§ **TASK TO CARRY OUT**:
Reproduce word for word every line from the one containing "Four Seasons Wear" through the end of the listing below; omit the pictures.

§ **EXTRACTED MATERIAL**:
────
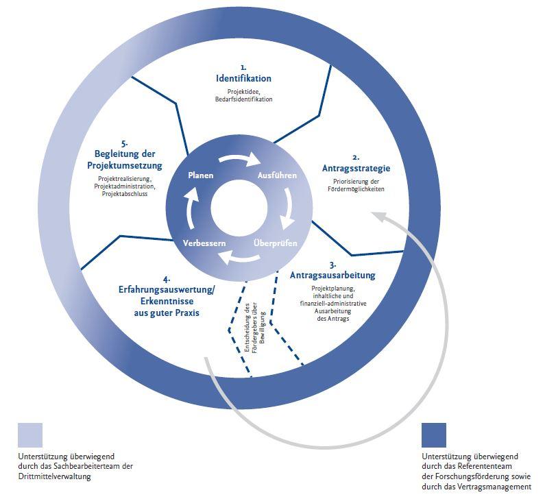 Die Ansprechpartnerinnen und -partner finden Sie hierfür auf dieser Webseite. Die einzelnen Projektphasen mit Unterstützung durch die Teams Forschungsförderung und Drittmittelverwaltung als Grafik
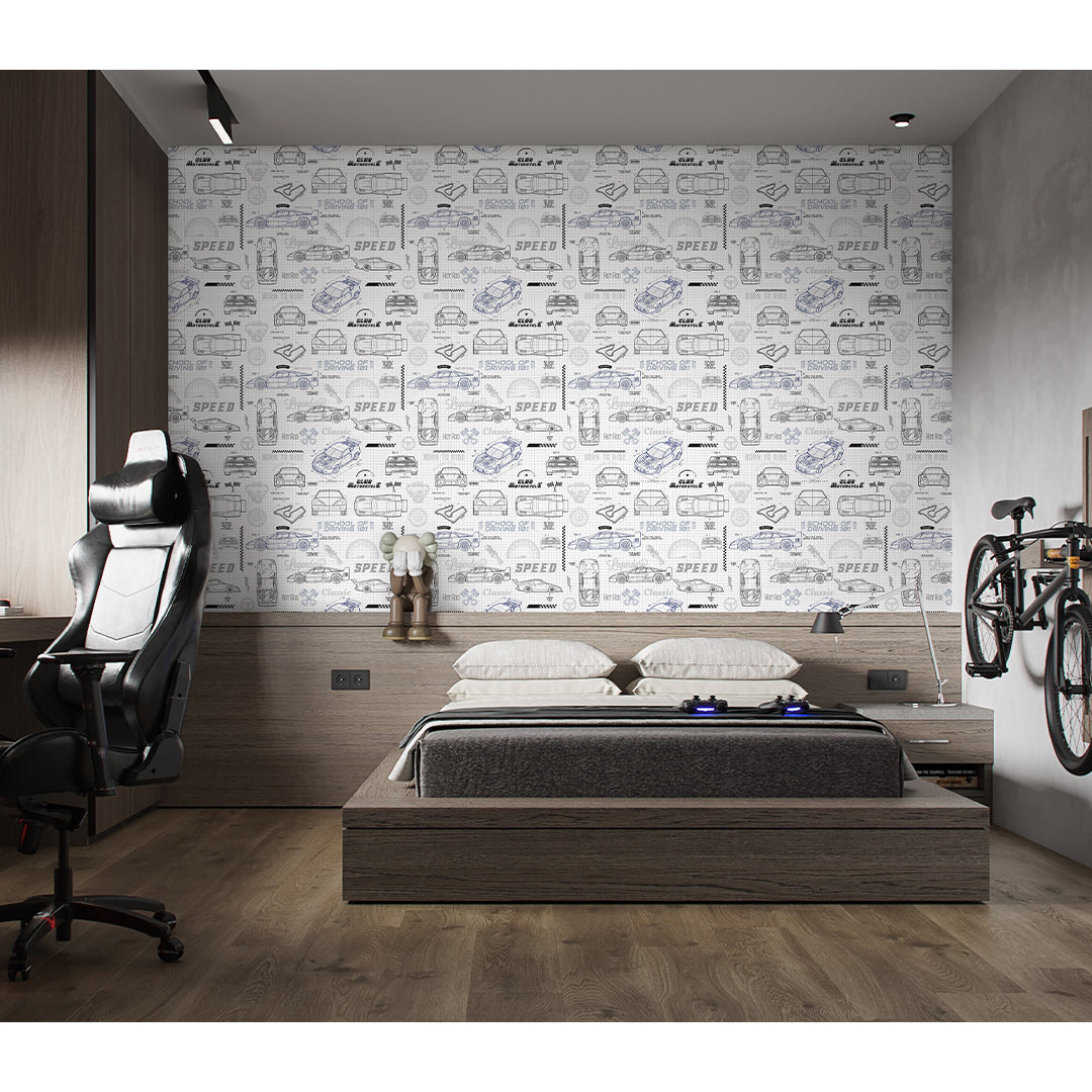 Self Adhesive Temporary Removable Vinyl Wallpaper Or Polyester Fabric Peel and Stick Wallpaper Race Car Blueprint with Sketch Style Sports Cars on a Grid Background.
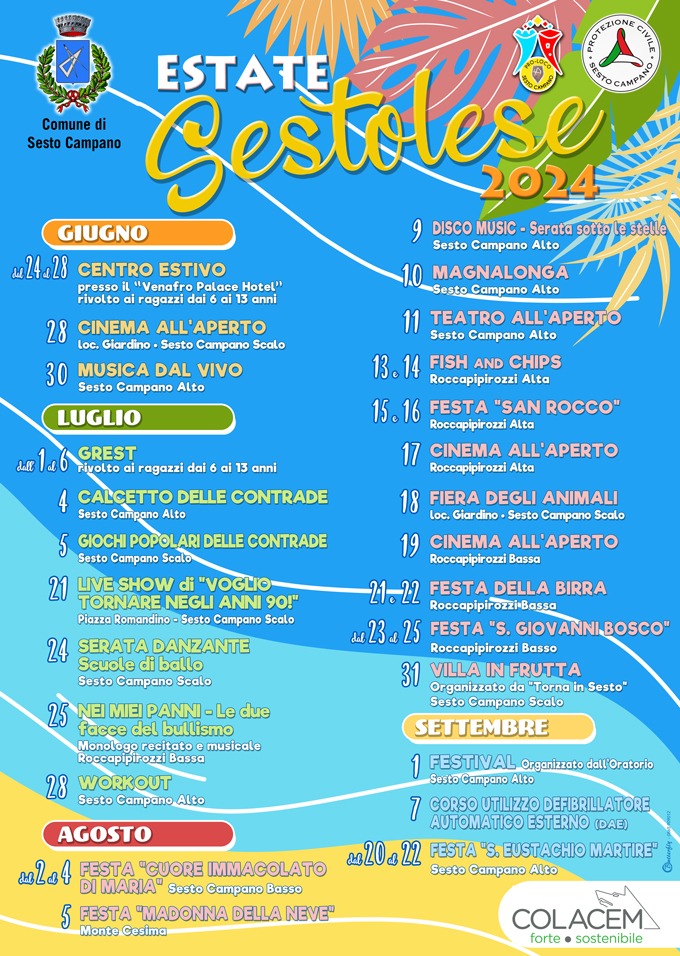 SESTO CAMPANO – Una grande varietà di appuntamenti, che si svolgeranno da giugno a settembre sia in paese che nelle frazioni, per una stagione da vivere insieme.
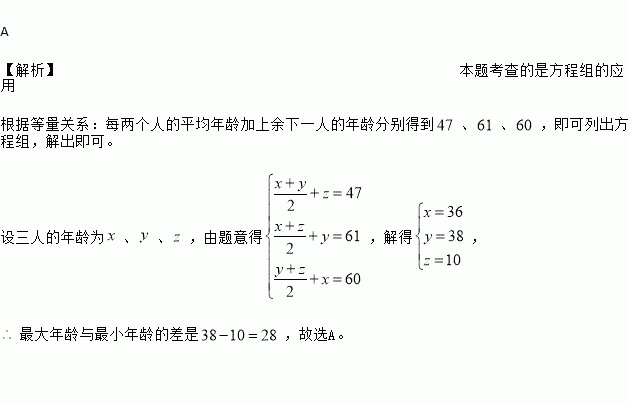 在一家三口人中,每两个人的平均年龄加上余下一人的年龄分别得到,,,那么这三个人中最大年龄与最小年龄的差是( )
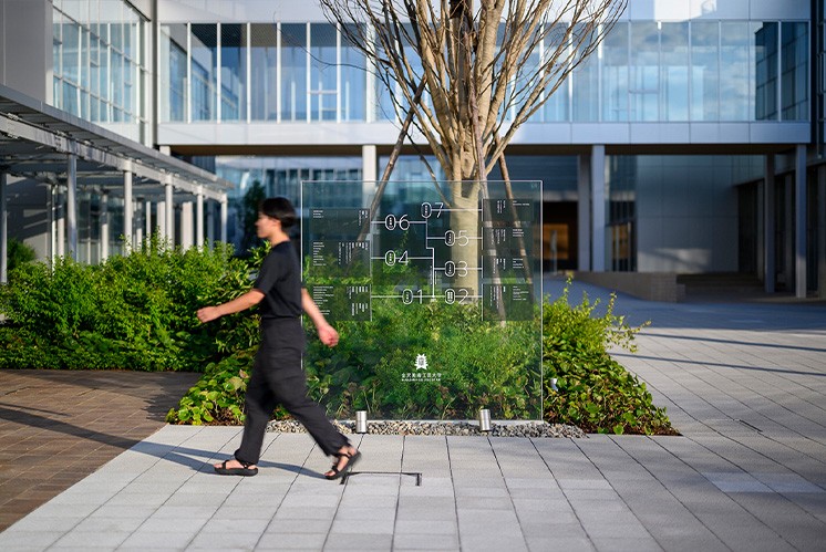 在校園的公共空間,導視系統以藝術的形式傳遞校園的文化氛圍。在廣場上,導視系統以雕塑的形式出現,將校園的歷史、文化、精神融入其中。那些雕塑,或以青銅鑄就,展現歷史的厚重;講述著卡納澤工藝大學的過去、現在和未來。
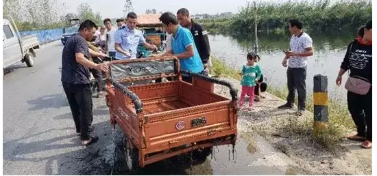 今天(24日)中午13时许,一辆电瓶三轮车连人带车开进了水塘中。
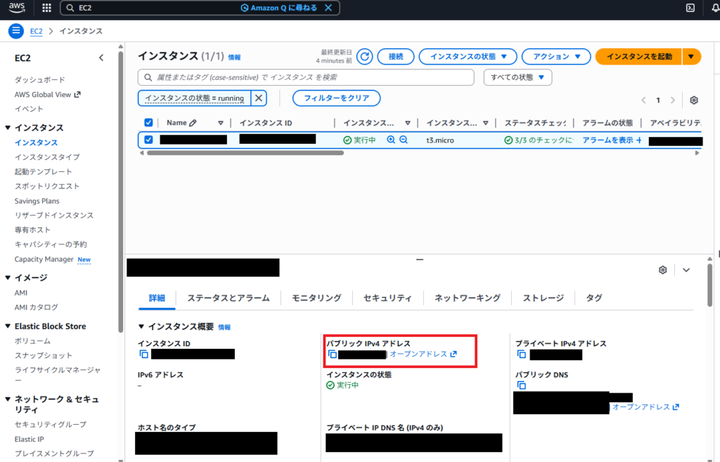 AWSで立ち上げたインスタンスのパブリックIPアドレスを確認します。ここで確認したIPアドレスにTera Termから接続します。
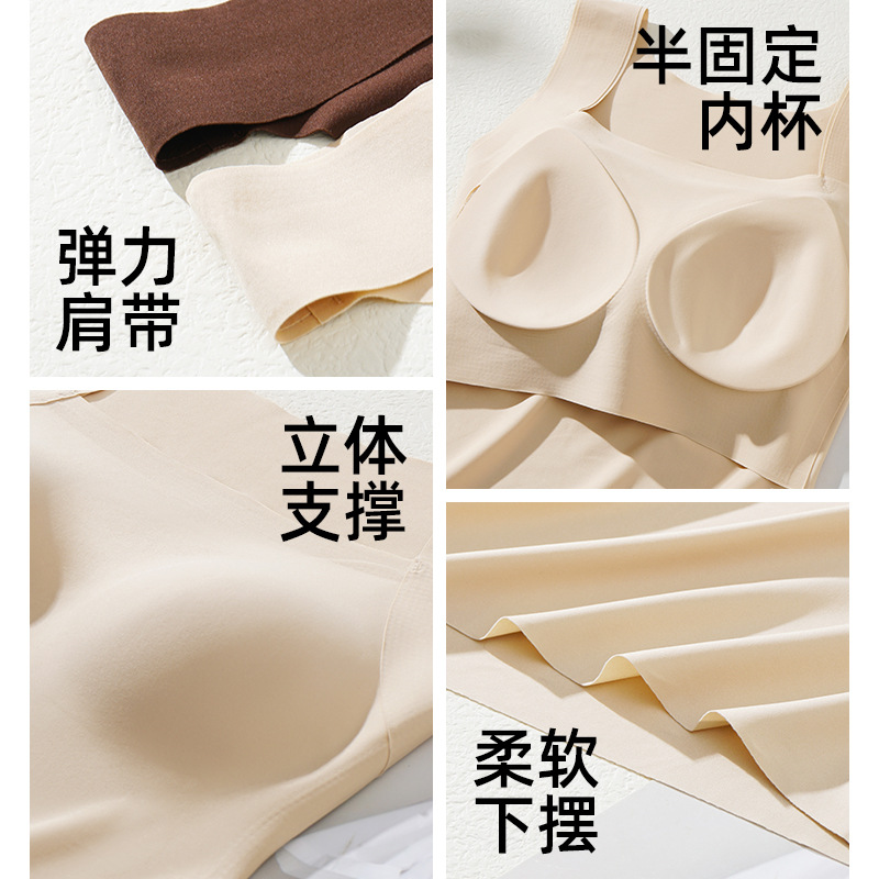 Four Seasons Wear plus size Traceless Base Vest for Women Hyaluronic Acid Moisturizing Muscle Base Vest with Chest Pad Outer Wear Inner Wear
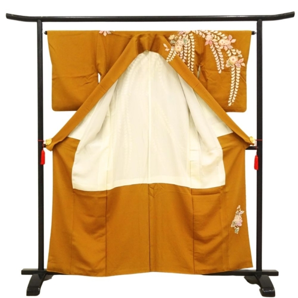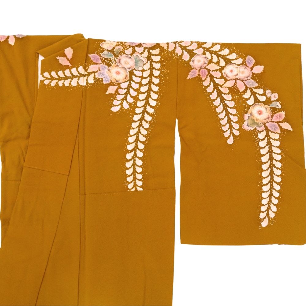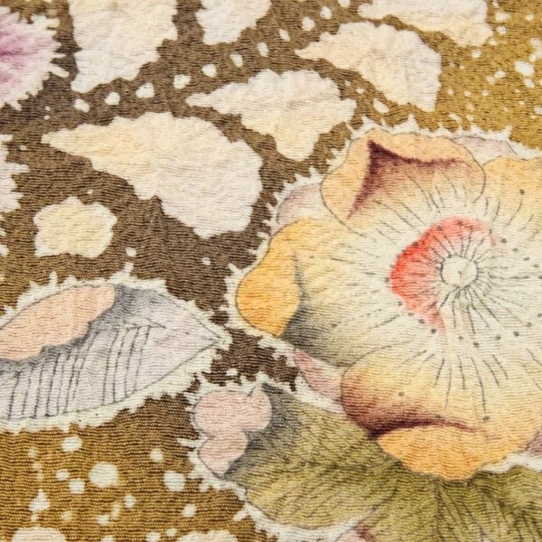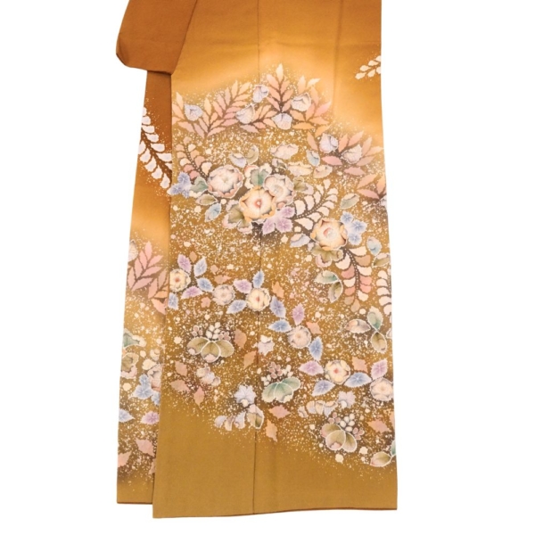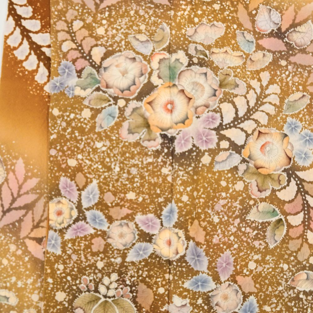 落ち着きのある上品な金茶色に、幻想的な辻が花が咲き誇る、大変美しい訪問着です。
────
§ **ANSWER FOR THIS EXERCISE**:
 Four Seasons Wear plus size Traceless Base Vest for Women Hyaluronic Acid Moisturizing Muscle Base Vest with Chest Pad Outer Wear Inner Wear
 落ち着きのある上品な金茶色に、幻想的な辻が花が咲き誇る、大変美しい訪問着です。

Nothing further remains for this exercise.